This article provides technical background on heterogeneous memory architectures and technical practices on automatic machine learning systems.

Heterogeneous memory architecture

Traditionally, what we mean by memory is dynamic random storage, or DRAM. In addition, there are also small capacity fast memory devices in the CPU, which are commonly referred to as THE CPU cache (L1/L2 cache). Slow storage devices with persistence make up external memory, such as disks. Therefore, external memory, memory, and CPU cache constitute the entire pyramid of storage architecture. However, with the commercialization of the revolutionary non-volatile memory technology, the memory in this pyramid is no longer composed of DRAM alone, but a heterogeneous memory architecture composed of DRAM and non-volatile memory.

In addition, the emergence of non-volatile memory has blurred the functional boundary between memory and external memory, making in-memory data persistence possible. Today, non-volatile memory technology is fully mature, and Intel ® OtM ™ Persistent Memory (or PMem), released by Intel in 2019, is a representative product of this technology.

Figure 1. Pyramid of storage architecture based on heterogeneous memory

Figure 1 shows a pyramid of storage architectures with heterogeneous memory. As you can see, persistent memory is essentially somewhere in the pyramid between DRAM and external memory, in terms of capacity, performance, and cost. Even functionally, it is a hybrid of DRAM and external memory. It can be used either directly as a memory usage (memory mode) or as a persistent device (App Direct mode, AD mode).
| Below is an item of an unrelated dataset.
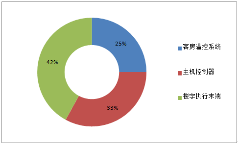 目前我國智能家居市場渠道主要通過房地產商和系統集成商進行銷售,也就是工程渠道銷售,從統計數據來看,通過工程渠道的銷售額占比達到80%,通過零售渠道的銷售額占比為20%左右。這充分說明,很少有消費者會主動通過零售渠道購買智能家居設備,特別是如果只能家居設備的易用性又不高的情況下,消費者更加不愿意購買。在樓宇行業中,BAS應用較為普遍,在一些中高端寫字樓、商業住宅、學校教學樓、圖書館等領域都有相應產品,BAS市場占整個樓宇自動化市場5%左右。具體到產品,樓宇行業應用的BAS控制系統按產品劃分主要包括樓宇執行末端、客房自控系統和主機控制器,由于整個BAS控制系統的核心是溫控部分,所以樓宇執行末端在BAS中的應用比例最高,達到42%,其次是主機控制器,產品的銷售比重占整個BAS的33%,最后是客房溫控系統,占整個BAS銷售額的25%。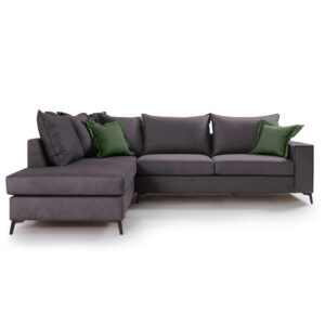 168-000036 Γωνιακός καναπές δεξιά γωνία Romantic pakoworld ύφασμα ανθρακί-κυπαρισσί 290x235x95εκ

In memory mode, persistent memory is transparent to the operating system and its capacity directly reflects the total available memory capacity. The AD model exposes the storage hierarchy, leaving developers in full control. Therefore, due to the special existence of persistent memory, modern memory architecture has not only become more complex in terms of hierarchy, but also in terms of functionality. Developers need to think about how to take advantage of heterogeneous memory architecture, such as:

Optimization of multilevel storage. Persistent memory offers a memory solution that is close to DRAM in performance, but at a lower cost, and is great for applications that consume a lot of memory. However, the introduction of a multilevel storage architecture also poses a higher challenge for performance optimization. As we know, high-performance caching is important in performance tuning. On the one hand, there are hot spots in real data, and caching can effectively improve the access performance of hot data. Cache Conscious, on the other hand, are often exquisitely designed to squeeze hardware performance. Then, the emergence of persistent memory makes the storage hierarchy more complex, and puts forward higher requirements for multi-level caching mechanism, data structure and algorithm design.
Utilization of persistence mechanisms. Persistent memory makes external storage no longer the only option for storing data. Persistent memory provides far higher persistence performance than traditional external memory devices, but its capacity is relatively small. In some scenarios, how to effectively play the characteristics of high performance persistence has become a new problem to be thought about. For example, for online service applications that require round-the-clock quality of service, in-memory data persistence provides a quick recovery capability when offline. In addition, when disk IO is a performance bottleneck, persistent memory can also be used as the storage medium to improve the overall system performance.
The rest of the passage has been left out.